** Opening SUPPLIED MATERIAL block **

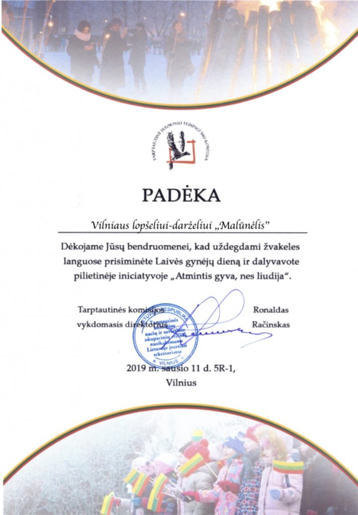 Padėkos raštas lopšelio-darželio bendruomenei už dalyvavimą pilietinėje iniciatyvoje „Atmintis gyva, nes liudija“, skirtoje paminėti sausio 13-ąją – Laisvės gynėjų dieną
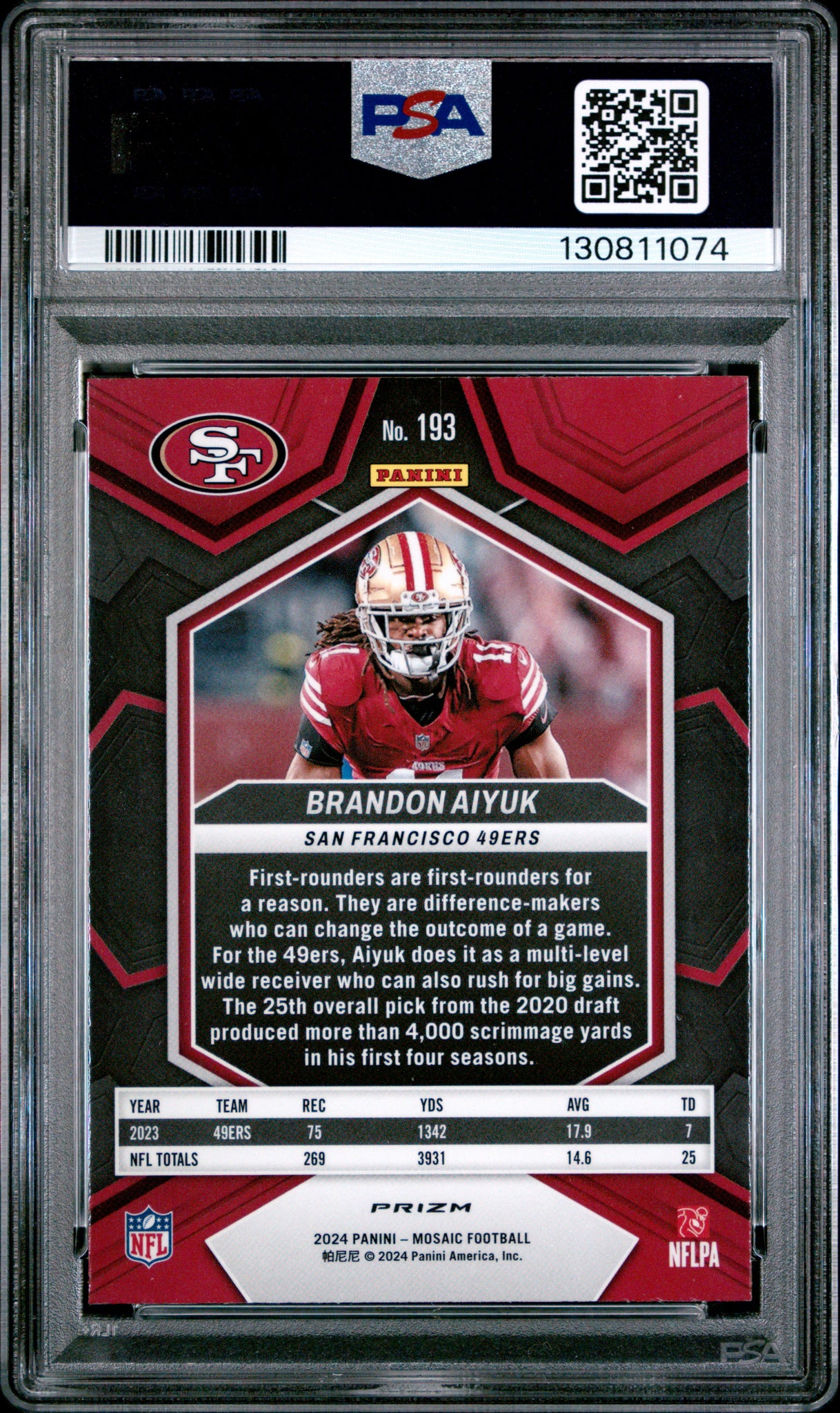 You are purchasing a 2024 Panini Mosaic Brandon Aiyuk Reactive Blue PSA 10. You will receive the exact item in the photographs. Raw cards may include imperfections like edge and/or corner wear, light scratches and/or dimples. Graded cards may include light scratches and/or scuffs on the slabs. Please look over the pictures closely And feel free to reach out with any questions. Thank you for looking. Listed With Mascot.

** Closing SUPPLIED MATERIAL block **
** Opening SUPPLIED MATERIAL block **

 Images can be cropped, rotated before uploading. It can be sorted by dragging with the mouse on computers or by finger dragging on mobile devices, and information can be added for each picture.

** Closing SUPPLIED MATERIAL block **
** Opening SUPPLIED MATERIAL block **

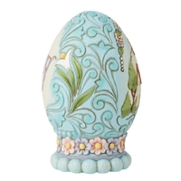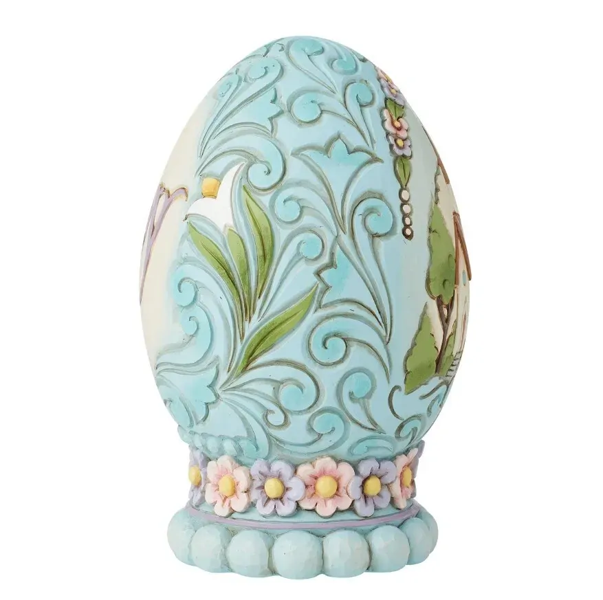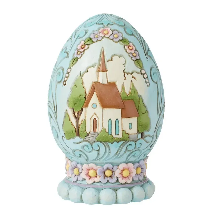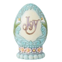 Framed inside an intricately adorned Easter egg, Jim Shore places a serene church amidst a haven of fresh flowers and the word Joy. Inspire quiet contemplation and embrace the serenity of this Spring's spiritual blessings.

** Closing SUPPLIED MATERIAL block **

PROBLEM STATEMENT:
Would you give again, exactly, the lines in the data above that run from the line containing "Padėkos raštas lopšelio-darželio" to the line containing "You are purchasing"? Include both ends and no pictures.

ANSWER TO THE EXERCISE:
 Padėkos raštas lopšelio-darželio bendruomenei už dalyvavimą pilietinėje iniciatyvoje „Atmintis gyva, nes liudija“, skirtoje paminėti sausio 13-ąją – Laisvės gynėjų dieną
 You are purchasing a 2024 Panini Mosaic Brandon Aiyuk Reactive Blue PSA 10. You will receive the exact item in the photographs. Raw cards may include imperfections like edge and/or corner wear, light scratches and/or dimples. Graded cards may include light scratches and/or scuffs on the slabs. Please look over the pictures closely And feel free to reach out with any questions. Thank you for looking. Listed With Mascot.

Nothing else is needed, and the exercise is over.